### TASK TO CARRY OUT
An exact copy of the lines from the start of the material below through the line containing "上半年,全国固定资产投资(不" is the required answer, and it includes no pictures.

### RECORDS SUPPLIED
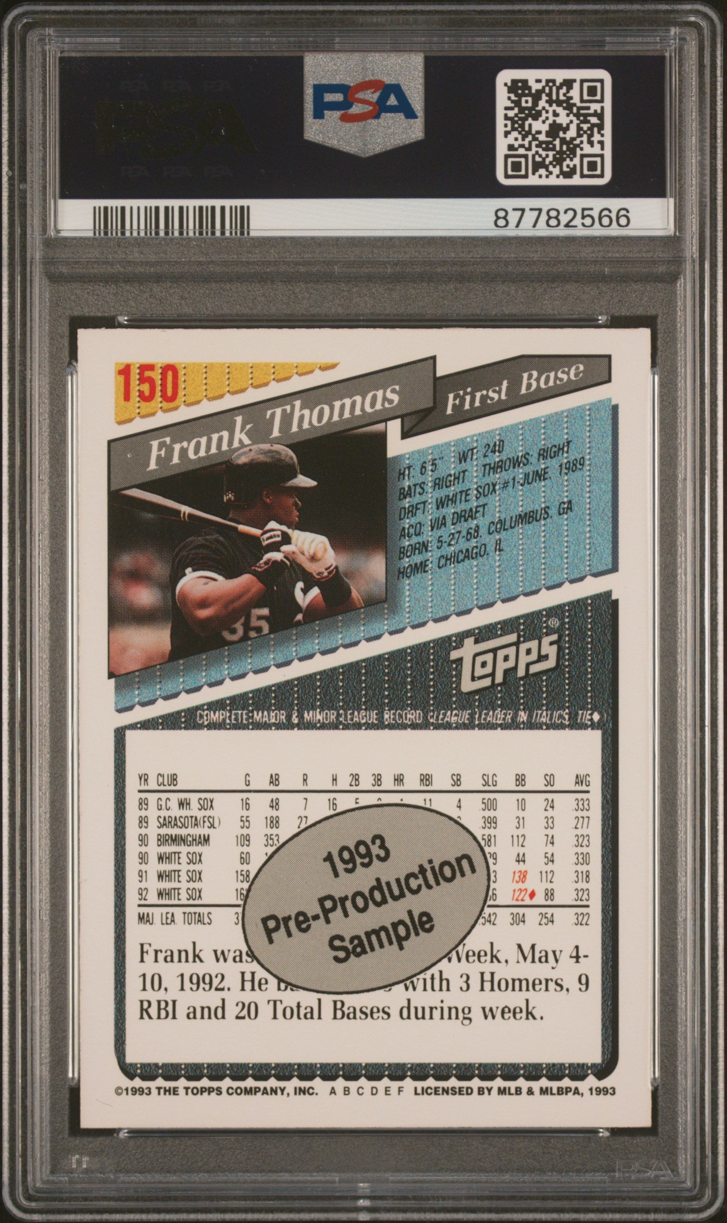 1993 Topps Pre-Production Baseball Frank Thomas #150 PSA 10 87782566
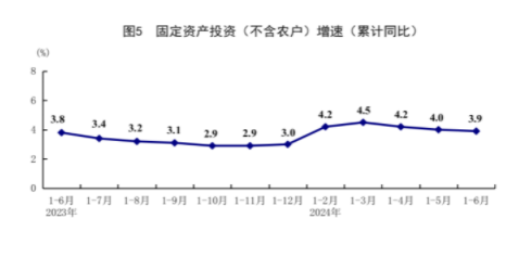 上半年,全国固定资产投资(不含农户)245391亿元,同比增长3.9%;扣除房地产开发投资,全国固定资产投资增长8.5%。分领域看,基础设施投资增长5.4%,制造业投资增长9.5%,房地产开发投资下降10.1%。全国新建商品房销售面积47916万平方米,同比下降19.0%;新建商品房销售额47133亿元,下降25.0%。分产业看,第一产业投资增长3.1%,第二产业投资增长12.6%,第三产业投资下降0.2%。民间投资增长0.1%;扣除房地产开发投资,民间投资增长6.6%。高技术产业投资同比增长10.6%,其中高技术制造业和高技术服务业投资分别增长10.1%、11.7%。高技术制造业中,航空、航天器及设备制造业,计算机及办公设备制造业投资分别增长38.3%、12.1%;高技术服务业中,电子商务服务业、科技成果转化服务业投资分别增长24.1%、17.4%。6月份,固定资产投资(不含农户)环比增长0.21%。
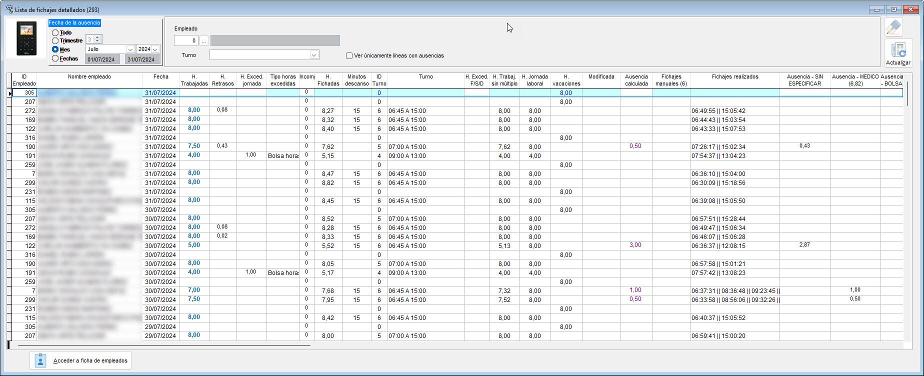 Fichajes detallados
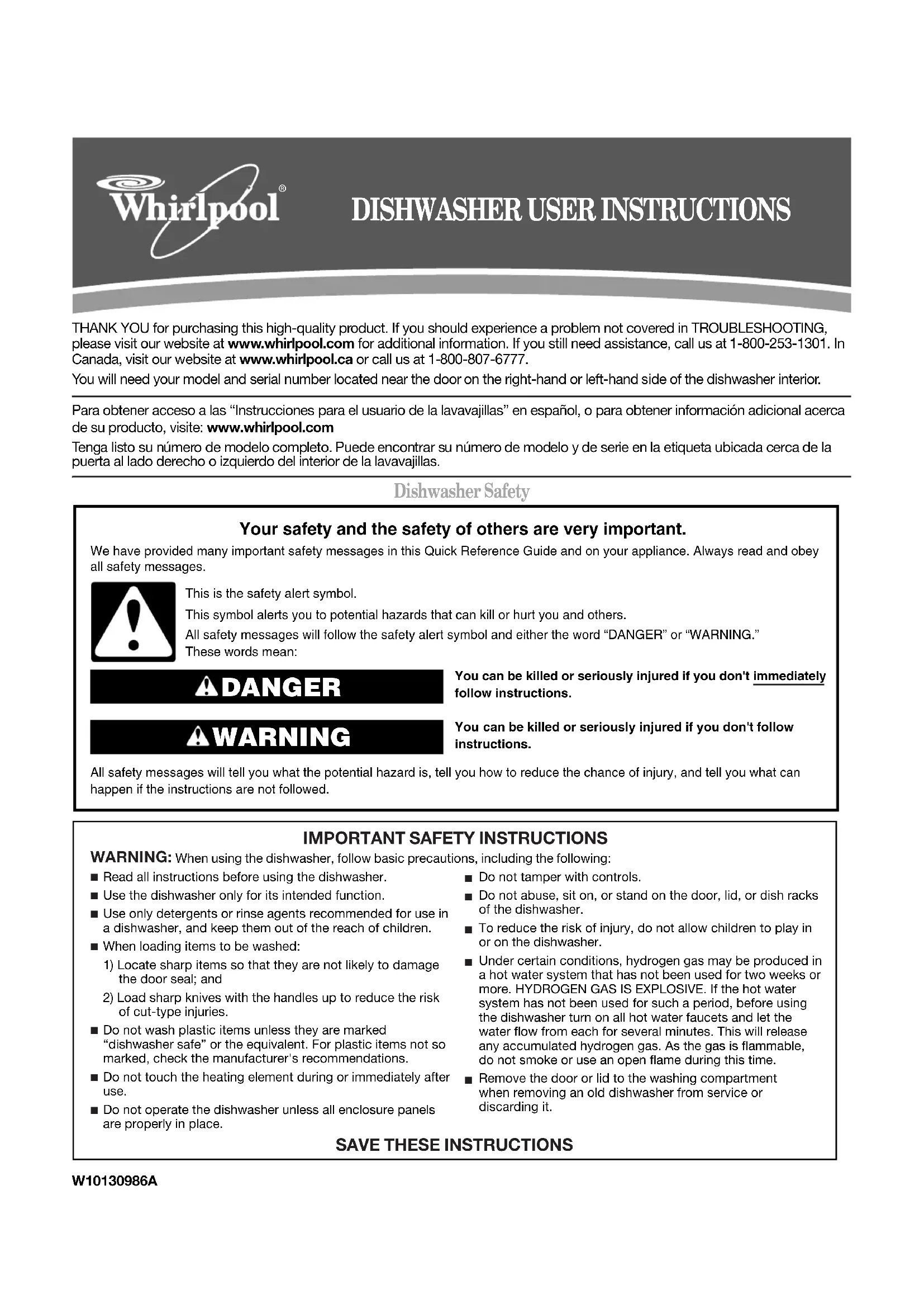 Do not operate the dishwasher unless all enclosure panels are properly in place. Do not tamper with controls. Do not abuse, sit on, or stand on the door, lid, or dish racks of the dishwasher. To reduce the risk of injury, do not allow children to play in or on the dishwasher. Under certain conditions, hydrogen gas may be produced in a hot water system that has not been used for two weeks or more. HYDROGEN GAS IS EXPLOSIVE. If the hot water system has not been used for such a period, before using the dishwasher turn on all hot water faucets and let the water flow from each for several minutes. This will release any accumulated hydrogen gas. As the gas is flammable, do not smoke or use an open flame during this time. Remove the door or lid to the washing compartment when removing an old dishwasher from service or discarding it.W10130986A2 Quick Steps Dishwasher Use Prepare and Load the DishwasherIMPORTANT: Remove leftover food, bones, toothpicks and other hard items from the dishes. Remove labels from containers before washing. ■ Make sure that when the dishwasher door is closed no items are blocking the detergent dispenser.■ Items should be loaded with soiled surfaces facing down and inward to the spray as shown. This will improve cleaning and drying results. ■ Avoid overlapping items like bowls or plates that may trap food. ■ Place plastics, small plates and glasses in the upper rack. Wash only plastic items marked “dishwasher safe.” ■ To avoid thumping/clattering noises during operation: Load dishes so they do not touch one another. Make sure lightweight load items are secured in the racks. Prepare and load dishwasher. Select a cycle and option. Add detergent for cleaning and rinse aid for drying. Start dishwasher. GROUNDING INSTRUCTIONS
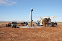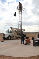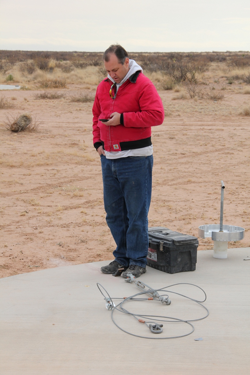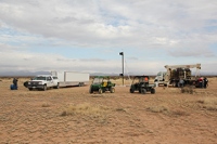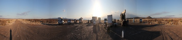 On Friday and Saturday we were on-site at Spaceport America setting up the launch site and doing a hardware checkout. Our flights at the spaceport are in the vertical launch area, which is about four and a half miles away from the Terminal Hangar Facility and the runway. Our chosen launch spot is one of the 10 meter circular concrete pads that the spaceport installed in the last year of the Lunar Lander Challenge, 50 meters from a small facsimile of the moon. Launch control is set up on card tables next to the temporary building from which our friends at Up Aerospace launch their rockets.
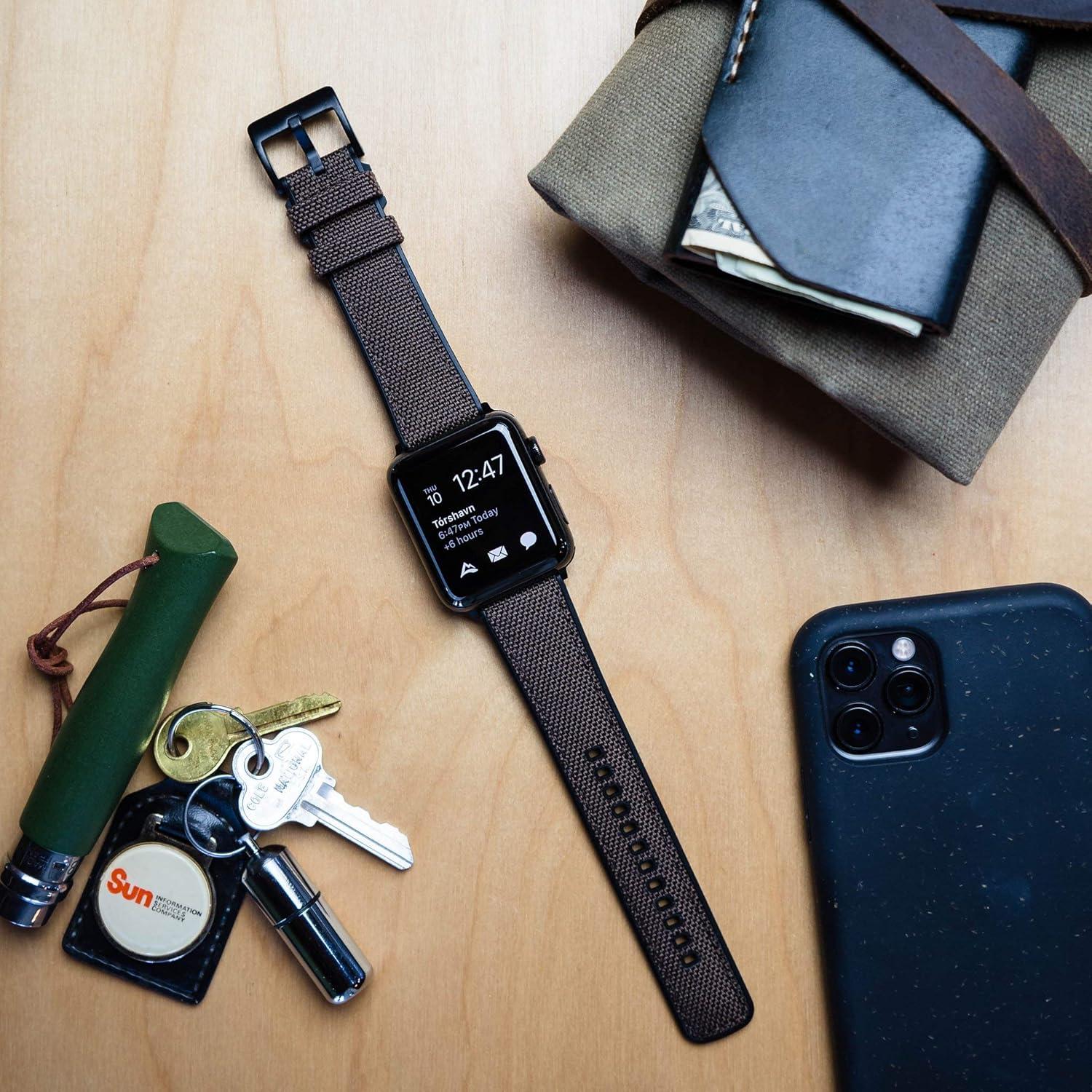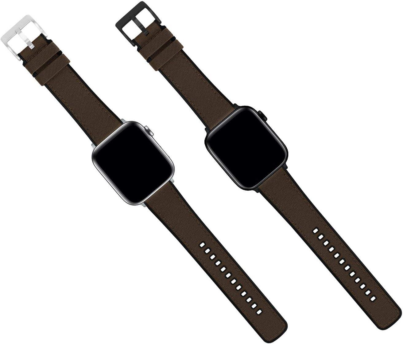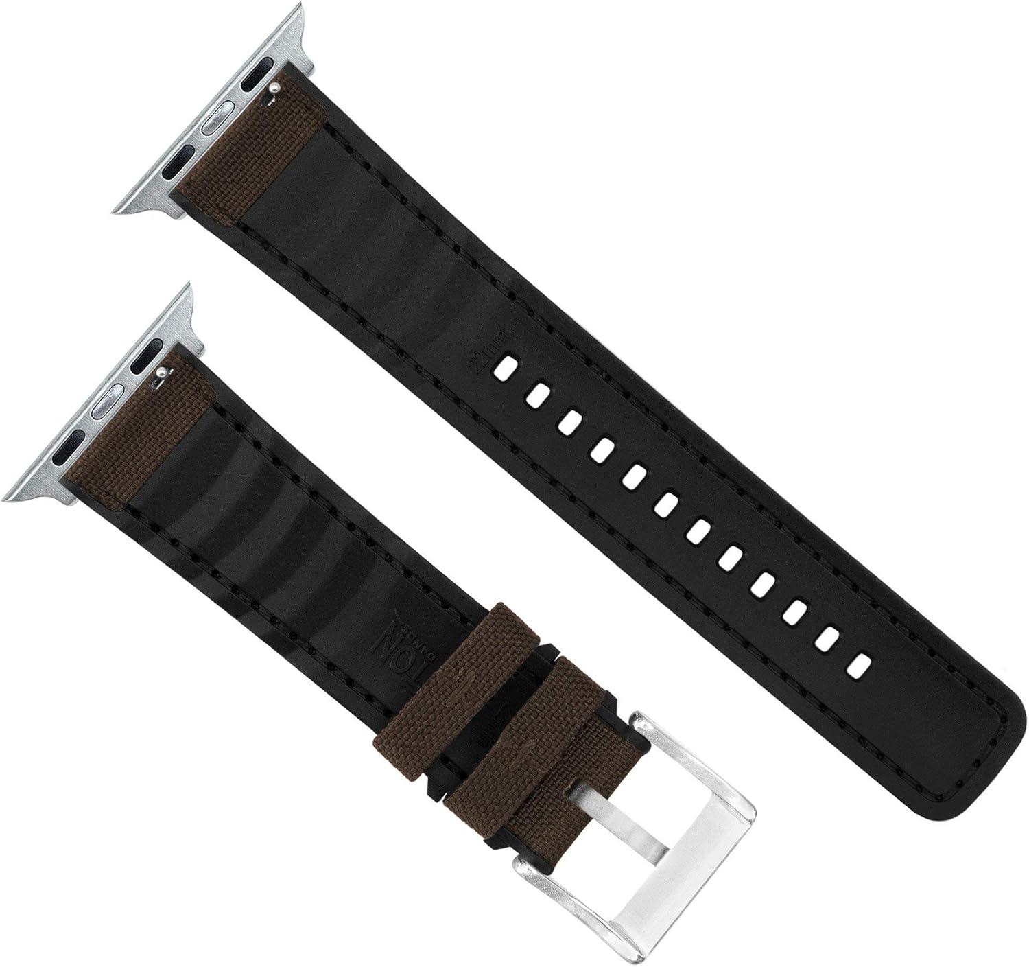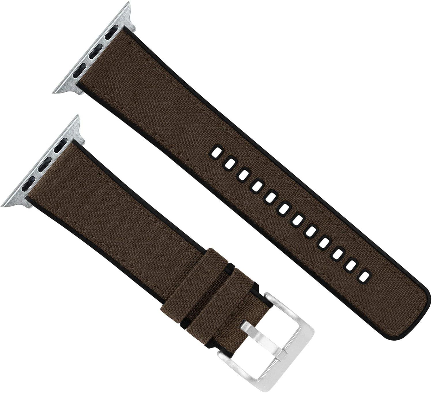 BARTON WATCH BANDS – Cordura Fabric & Silicone Hybrid Watch Bands Compatible with Apple Watch Models – 1, 2, 3, 4, 5, 6, 7, 8, 9, 10, SE, Ultra & Ultra 2(Chocolate Brown)

### RESPONSE
 1993 Topps Pre-Production Baseball Frank Thomas #150 PSA 10 87782566
 上半年,全国固定资产投资(不含农户)245391亿元,同比增长3.9%;扣除房地产开发投资,全国固定资产投资增长8.5%。分领域看,基础设施投资增长5.4%,制造业投资增长9.5%,房地产开发投资下降10.1%。全国新建商品房销售面积47916万平方米,同比下降19.0%;新建商品房销售额47133亿元,下降25.0%。分产业看,第一产业投资增长3.1%,第二产业投资增长12.6%,第三产业投资下降0.2%。民间投资增长0.1%;扣除房地产开发投资,民间投资增长6.6%。高技术产业投资同比增长10.6%,其中高技术制造业和高技术服务业投资分别增长10.1%、11.7%。高技术制造业中,航空、航天器及设备制造业,计算机及办公设备制造业投资分别增长38.3%、12.1%;高技术服务业中,电子商务服务业、科技成果转化服务业投资分别增长24.1%、17.4%。6月份,固定资产投资(不含农户)环比增长0.21%。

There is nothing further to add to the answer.